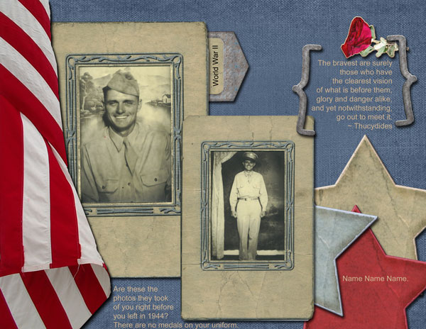 I created this kit to honor my Grandpa who was in WWII. It was one one of the first digital scrapbooking kits I created. I really do miss him a lot. I was blessed to have known him for a very long time.
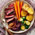 - Step 8: Slice the rested steak and serve it alongside the roasted vegetables with the gravy on the side.
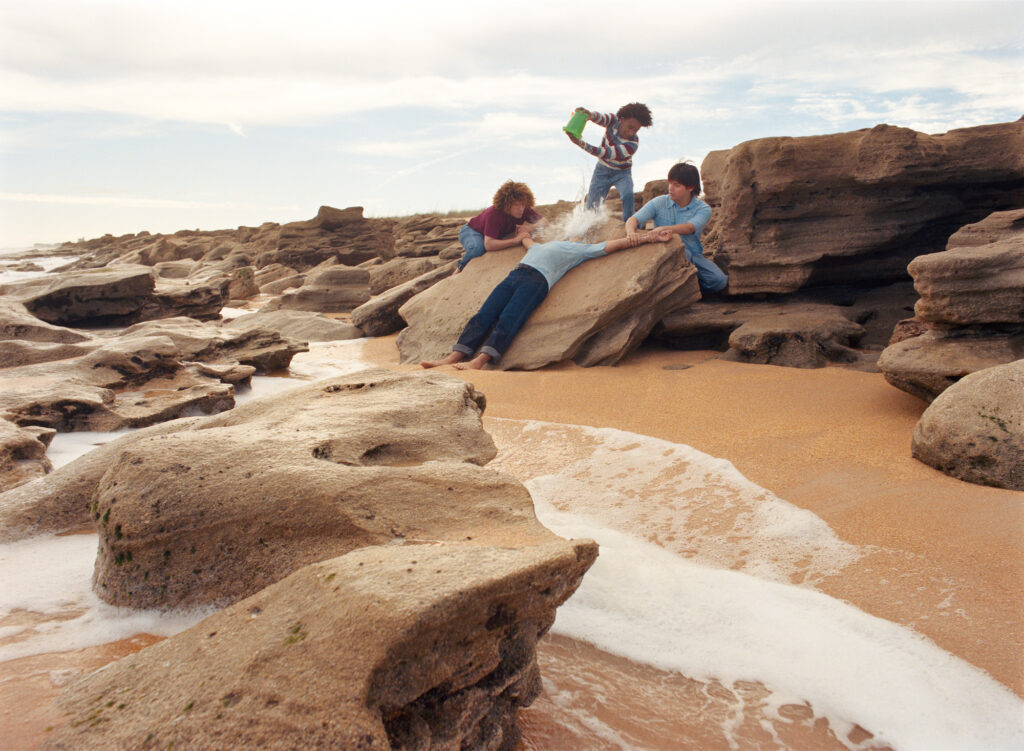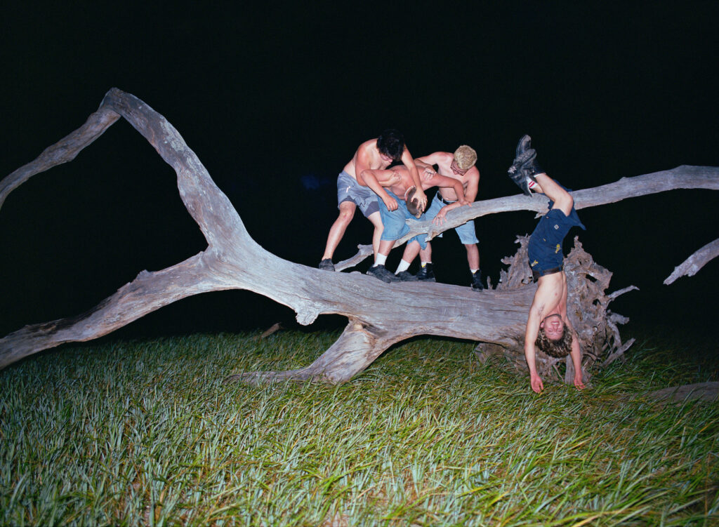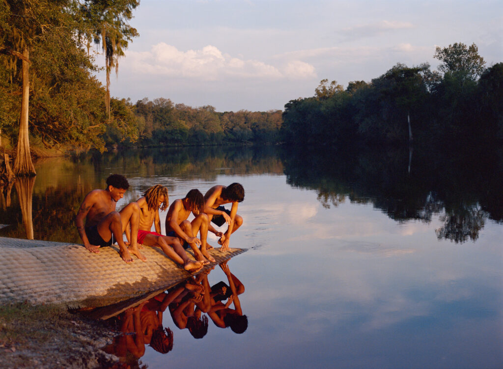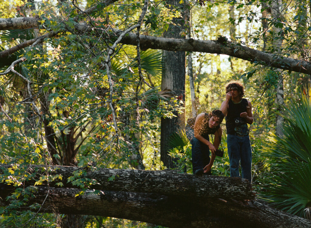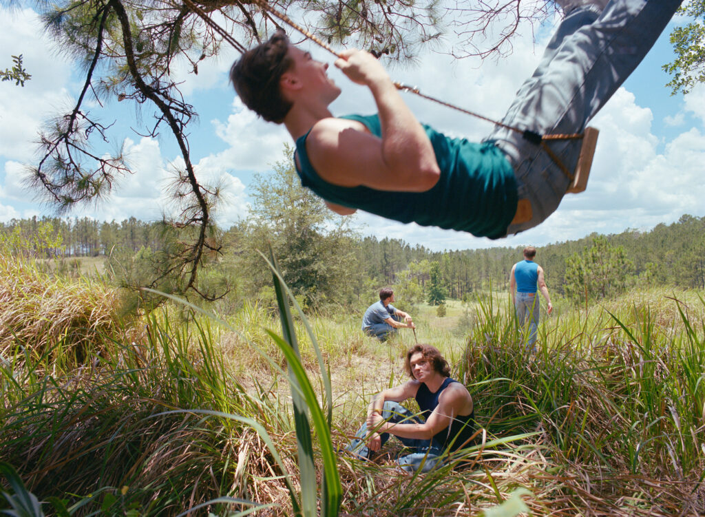 Over time, I began digging into Florida’s photographic history and found the Florida School for Boys archive. It changed the temperature of everything. The land stopped feeling neutral. I couldn’t un-know what sat beneath the beauty. Histories of exclusion, violence, and who has been allowed to rest or roam without fear. Florida is lush and decaying, seductive and brutal. It is a picture postcard with a shadow. So the pictures became tableaux, collective fictions, dreamlike reconstructions, where tenderness could take up space. I wanted to make a counterimage to the loud, flattened mythology of “Florida Man,” and to the screen-shaped masculinity so many young men are handed now. I wanted to picture another way. Boys at ease with one another, bored, affectionate, playful. Porous masculinity that breathes.

*Task*: Restate exactly, please, only the lines between the start of the data and the line containing "- Step 8: Slice", both ends included, skipping the pictures.

*Solution to the exercise*:
 I created this kit to honor my Grandpa who was in WWII. It was one one of the first digital scrapbooking kits I created. I really do miss him a lot. I was blessed to have known him for a very long time.
 - Step 8: Slice the rested steak and serve it alongside the roasted vegetables with the gravy on the side.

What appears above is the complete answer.